GRAND PRIX INTERNATIONAL, 13.05.1981

PROST scriptum


There are days like that, when nothing seems to go right, when everything seems to go against you for no particular reason, and you're completely powerless to do anything about it.

What can you do, for instance about clouds and rain? I think the best thing is to go home and sit in front of the television, but you can't really do that when you've got to drive a Renault in a Grand Prix. When I saw the rain at Imola on Sunday morning, my hopes took a dive. Our cars are very difficult to drive in the wet. I felt that all our work over the past two days on a dry track was going to be completely wiped out. Any advantage that we might have had from a good grid position was nothing now. It had all been diluted by the rain.

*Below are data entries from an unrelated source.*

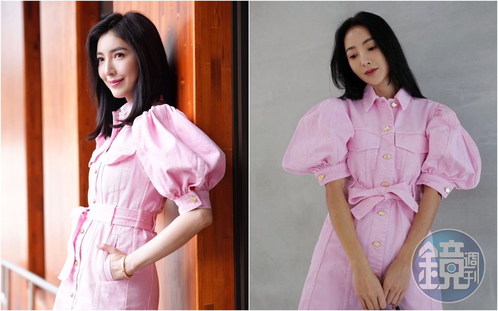 (左起)楊謹華、吳速玲各自以不同的氣質詮釋同一件Aje粉紅色氣球袖排釦牛仔短洋裝,NT$12,800。(合成照片)發布時間:2021.12.25 18:42 臺北時間
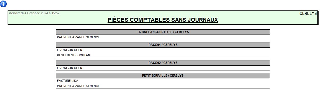 | Rapport Audit pièces comptables sans journaux | Recherche des pièces pour lesquelles aucun journal n'est affecté dans le circuit administratif ⇒ Ce ne sont pas forcément des erreurs, juste une information. |
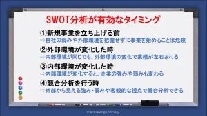 経営資源の変化や知名度の向上、新しい技術の導入といった内部環境が変化したタイミングも、SWOT分析が有効なタイミングとなります。
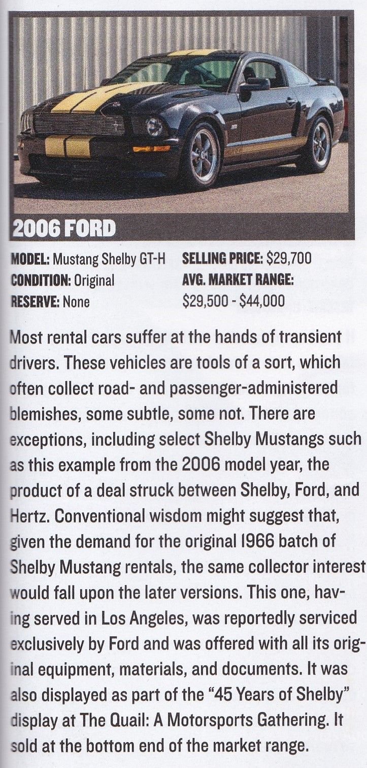 Perhaps the reason they're not bringing in good money, is the majority of those 2006 Shelby GT-H cars were probably abused at the track when they were still rental cars.. Anyhow, just a guess on my part
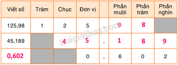 Trong các số thập phân dưới đây, mỗi chữ số thuộc hàng nào?
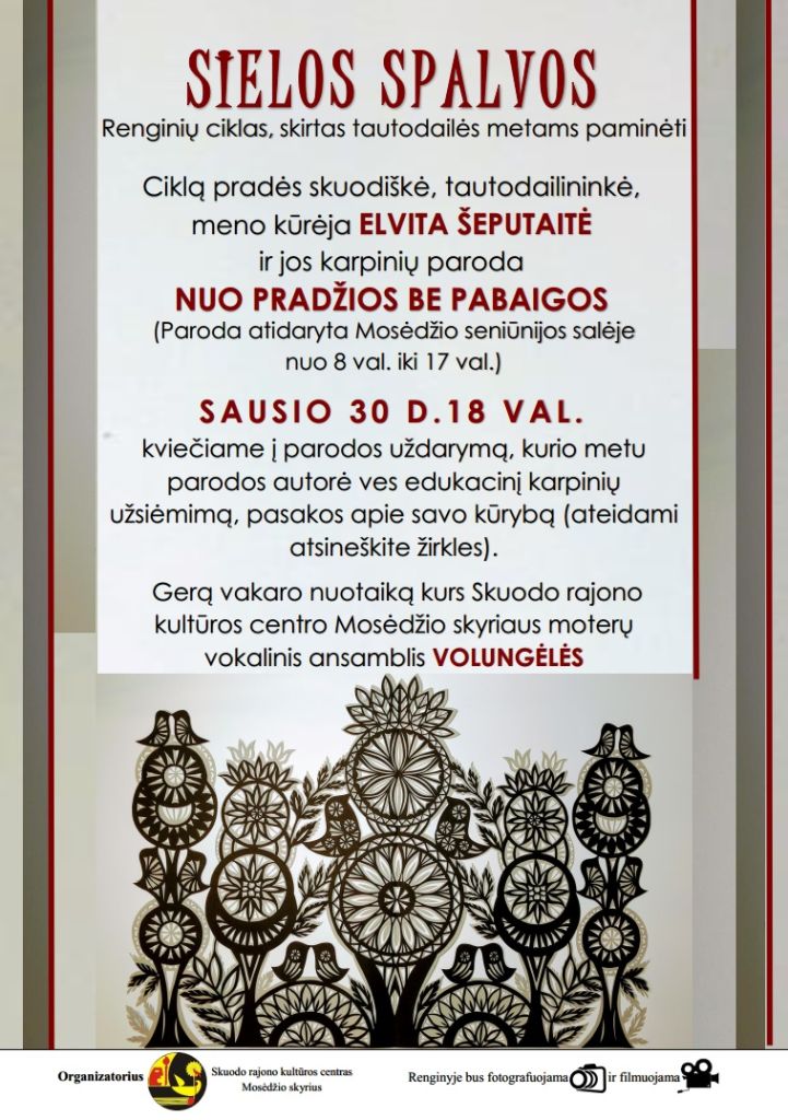 Parodos renginių ciklas „Sielos spalvos“ 2020-01-27 | (0) Parodos renginių ciklas „Sielos spalvos“ Prenumeruokite „Mūsų žodį“ 2026-iems metams

I may have felt frustrated then, but there was worse to come. Despite the rain, I still felt that I had a chance. I set fourth quickest time in the Sunday morning warm-up on the wet track. The rain began to ease off, it could be dry after a few laps of the race, and then we might still be in with a chance.

No way: I retired almost before I'd started. When it was time, I got into the car, strapped myself in, started the engine, pushed in the clutch, selected first and began to de-clutch. And that's when I knew that something was wrong. I could feel it in the gearbox. By then it was too late to put it right, too late to take over the spare instead, in fact too late to do anything. My warming up laps were more a swansong: take a look at the car now because I'm not going to be around for long.

Meanwhile I was considering the options. I might start in second gear and just take it easy from there on. There wasn't much more I could do. The least I could do was try, but I wasn't very optimistic. Gerard Larrousse was waiting for me on the grid.

I started the race in second gear, and took off from the grid like a snail. I delayed just about everyone behind me and was soon in last position, cursing my luck. After four laps at the back of the field I called it a day. My San Marino Grand Prix was over. I think it was even more frustrating for me than it was, say, for Didier Pironi. He may have seen victory slipping away from him, but at least he'd had the satisfaction of leading the race and trying his hardest. Even if he'd retired, he might have felt better than I did. It was a most frustrating and disappointing experience.

I never even had a chance to race. I was already down in the dumps when the rest of them were jockeying for position in the first corner. It was infuriating. You spend three days living for a Grand Prix. Your whole life revolves around that race. For two days you spend all your time sorting out the car and getting onto the grid, and then when practice is over, your mind is immediately fixed on the race ahead, nothing else matters. You're working out where you can save time, how you can improve the car. Meanwhile, the race is getting closer and closer. One's programme revolves around working up to that climax, the race. And then quite suddenly, just as your mental state is at its peak for the start, the balloon bursts: nothing, you're not going to start the race at all.

I wasn't really angry, more frustrated. I tried to look at it philosophically as one of those things that happens in life, or at least, in racing. Of course, it should never happen at all, but it does, not just to me but to most racing drivers at some stage or another in their careers.

I also noticed that I was a lot calmer as person in this situation than I might have been a few years ago. The same sort of thing happened to me when I was in Super Renault and Formula Three, and I would go crazy. I remember that in the final round of the Super Renault championship, it was all down to Jean-Louis Bousquet and I as to who was going to win the championship. All I needed was two or three points and I was the champion. But as we did our warming up laps, I realised that the engine was off-song. This could be costing me the championship before the race had even begun. But fortunately I took my two points and won the series. If l hadn't, I wouldn't be where I am today.

The Imola experience may have been just as frustrating, but at least it didn't have such serious potential consequences. That's because I knew then that in a couple of weeks, I would be in Belgium going through those two days of preparation and working up to the race.Hopefully, all the preparation will be rewarded by many more competitive laps.